# Please welcome Pineapple as your new moderator



## MiamiAG (Jan 13, 2004)

I'm pleased to announce that pineapple has agreed to be the moderator of the Planted Aquarium Substrates forum. As many of you know, he has a lot of experience and will make a fine moderator.
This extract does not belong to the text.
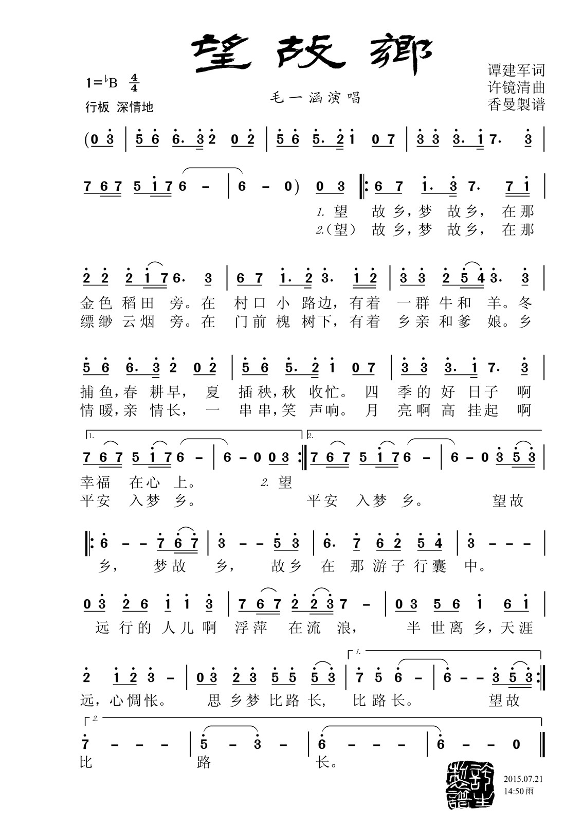 望故乡最新曲谱
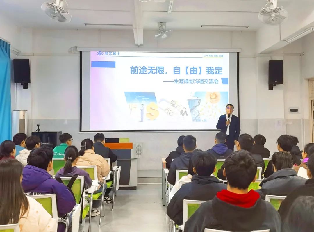 为帮助学生正确认识职业生涯与职业发展⛎,增强自我认知与职业规划能力,明确就业方向👨🦼👧🏼,12月10日🚶🏻,我校稀金产业学院邀请赣州晨光稀土再生资源事业部人资经理林桐禄为2023级全体学生举办了一场以 “前途无限 自‘由’我定” 为题的职业生涯规划专题讲座🛌🏿🧎♀️➡️。

Thanks and congrats pineapple! [smilie=k:


----------



## pineapple (May 4, 2004)

This is a wonderful opportunity for me to get more tanks and fill them with a variety of substrates.... ;-) At least I should start with my Power Sand and Aquasoil Amazonia duo!

Thanks, Art.

Andrew


----------



## turtlehead (Nov 27, 2004)

Wow, pleased to have such a nice guy as a moderator.


----------



## discus (Jul 20, 2004)

congratulations on your new position


----------



## chiahead (Dec 18, 2004)

congrats on becoming a moderator


----------



## amber2461 (Jun 15, 2004)

Congrats Andrew ...


----------



## Sir_BlackhOle (Jan 25, 2004)

Congrats! The perfect person for the job IMO


----------



## titan97 (Feb 14, 2005)

Congrats amigo. Now, if only we knew how granular activated carbon works as a substrate :wink: :wink: :wink: 

-Dustin


----------



## freshreef (May 14, 2004)

artyman:


----------



## Porkchop (Mar 1, 2005)

Congratulation.

Jim


----------



## Bert H (Mar 2, 2004)

Congratulations Andrew!


----------